I so didn’t want to go to the door in my pajamas. Because it revealed something about me that I didn’t want others to see. But what could I do? So, I went to the door in my pajamas, apologized for my state of dress, and ended the conversation as quickly as possible.

You know what that’s like. You’re in the middle of an argument with your spouse and then a friend knocks on the door. Or the house is just a disaster and someone stops over. And there’s that moment when you’re like, what can I do to hide? And that’s our truth, right? That we all try to make it look like we aren’t who we really are. To cover up to pretend.

And I imagine the disciples having a similar reaction to seeing that Jesus towel up with a basin of water and kneel at their feet. I imagine the disciples in a slight mode of panic, thinking, Umm…I was unaware that tonight would involve people touching my disgusting feet. How can I get out of this quickly? I mean Peter even tries that, right? He says, Lord, “You will never wash my feet. I’m not worthy.”

That’s the thing about this act of love. This act of love on Jesus’ part demanded that they allow themselves to be really seen. To stick their feet out and be seen for who they really are. Literally warts and all. All the dirt and grim that their life has gathered up along the way.

I’m not entirely sure what Jesus’ technique was for washing the disciples’ feet, but if he did use a basin of water, who’s the poor soul at the end of this line of feet who has to stick his feet in that bucket that probably looked like the bucket of water you used to clean your paint brushes off in. Just a gray, mud color, with probably some floaters in it.
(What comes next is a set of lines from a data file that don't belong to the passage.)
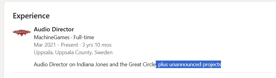 Iako je tek priveo kraju razvoj igre Indiana Jones and the Great Circle, odnosno još uvijek radi na njenoj podršci i nadolazećem PS5 portu, MachineGames ima pune ruke posla, radeći i na nekoliko drugih, još uvijek nenajavljenih projekata. Barem tako sugeriraju informacije koje su se našle na LinkedIn profilu Petea Warda, jednog od uposlenika spomenutog studija.
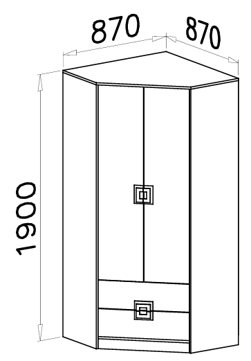 Omara je zasnovana kot kotna, zato optimalno izkoristi prostor v sobi. S svojimi merami 87x87x190 cm nudi prostorno notranjost, hkrati pa ne zavzame preveč talne površine. Ta oblika je idealna za manjše sobe, otroške sobe ali predsobe, kjer je vsak centimeter dragocen. Postavitev omare v kot omogoča naravni prehod med stenama in ustvarja občutek urejenosti ter prostornosti.
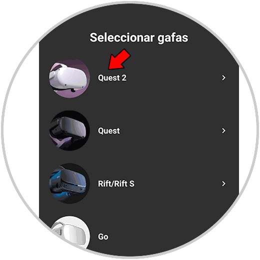 Pulsaremos en "Quest 2" dentro del listado de opciones:
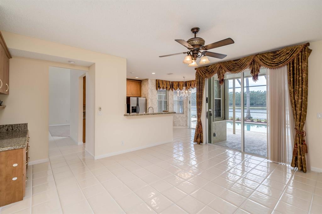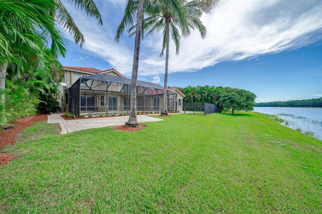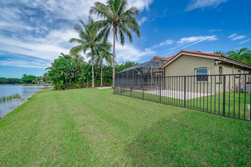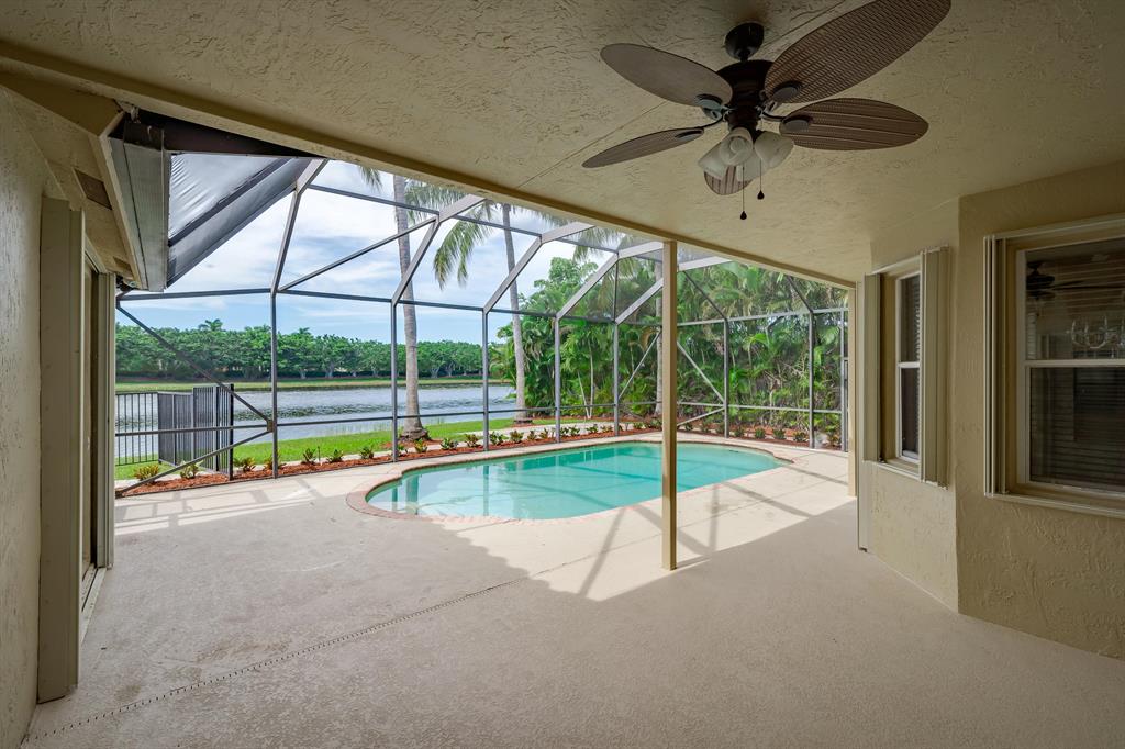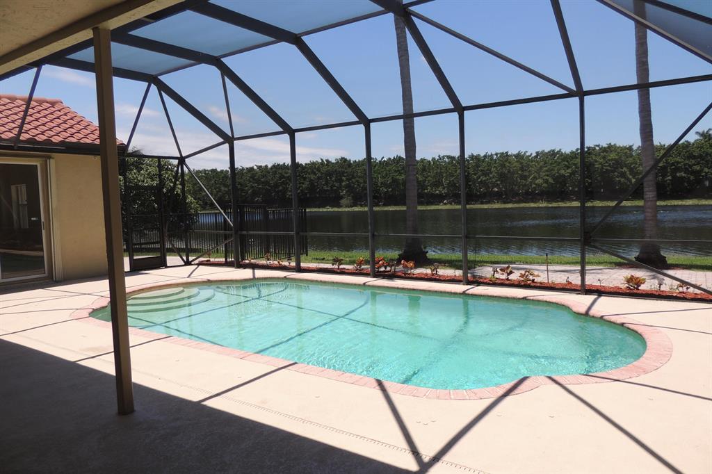 This exceptional Lakefront Pool home of 5 bedroom 3.5 bathroom is set on a private canal/lake lot with scenic water views and no vis a vie. Enjoy the view from the covered/ screened patio which also overlooks the open pool and lushly landscaped fenced backyard. Recently refaced kitchen with quartz counter top island and eat-in breakfast nook. Other additional upgrades are the roof,7 years old, impact glass windows partial and full accordion shutters. Master bathroom has new vanity with granite counter top. Several video and alarm systems including a Ring at door for protection and peace of mind. Dog friendly community. with tennis courts, 24 hour manned guard gate. Top notch schools nearby. What are you waiting for come visit before its gone.

And it can’t feel that great to be getting other people’s dirt and grim all over your feet. But that’s actually another truth we can say about the dirt of life. Our dirt, our grime of life – it gets on other people, doesn’t? Like my sin doesn’t just impact me. It ripples out on all these other people. When I lose my temper at home, I watch as Elliot is changed by it. And it hurts to see.
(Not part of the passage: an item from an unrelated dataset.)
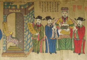與畬族有關(guān)的圖畫主要包括清朝乾隆年間皇家繪制的《皇清職貢圖》,畫內(nèi)有相關(guān)的畬族資料和家族祖圖。今藏的祖圖多為清代物品,以麻布、土布為底,平圖勾勒,濃墨重彩,以條狀橫幅長卷居多,也有直幅多屏組合而成的。畫面配有文字說明,圖文并茂,展示了畬族的歷史發(fā)展、社會生產(chǎn)、文化習(xí)俗等。畬民家族祖圖分布范圍較廣,主要在福建、浙江、廣東等省。
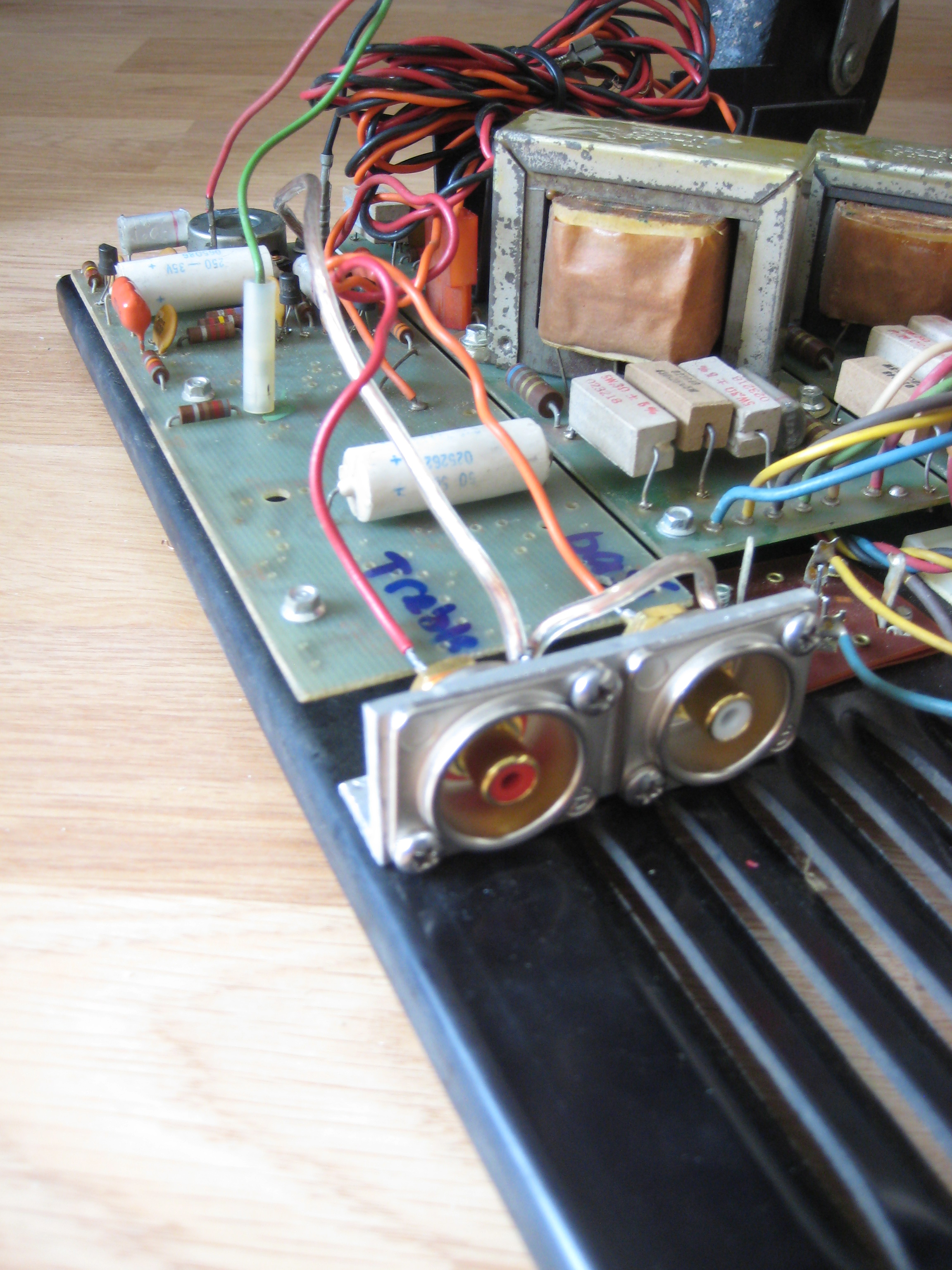 Het is een leslie 770 (transistor) en heb na het crossover filter twee uitgangen gemaakt en daarop een PA eindtrap aangesloten. De eindtrap levert op 8 ohm 2x 160 watt, voor de treble niet nodig, maar wel voor onder. speakers; 15 inch 350 watt onder en een driver van 80 watt. Voor de voeding van de eindtrap heb ik een aansluiting in de leslie gemaakt.

So what’s your build up? What’s your junk that clings to the bottom of your feet and seems to spoil the bowl of water for everyone else?

What we see in this story is what Jesus wants to do with you. To wash you of all the weighs you down. To let it dissolve away like dirt in the rain. So that you can be free. And then he wants us to do the same for others.

This is the way to life. The way of Pharaoh, that’s not the way. This is the way. It is how Jesus wants us to love one another – to take one another’s feet in our hands and to wash them clean. If we can offer kind and gentle hands to each other’s dirt. If we can help each other to wash it away. To assure one another that you don’t have to wash it away all alone, only then can we be a community of the way of Jesus. But it mean’s you’ll have to stick out your feet. And you’ll have to embrace each other’s feet too.

May you have the courage to receive this love tonight in the form of water washed over your hands, and bread and wine placed in them. And then may you go and share that love with the world. Amen.

[1] I’m indebted to Alan Storey for this insight.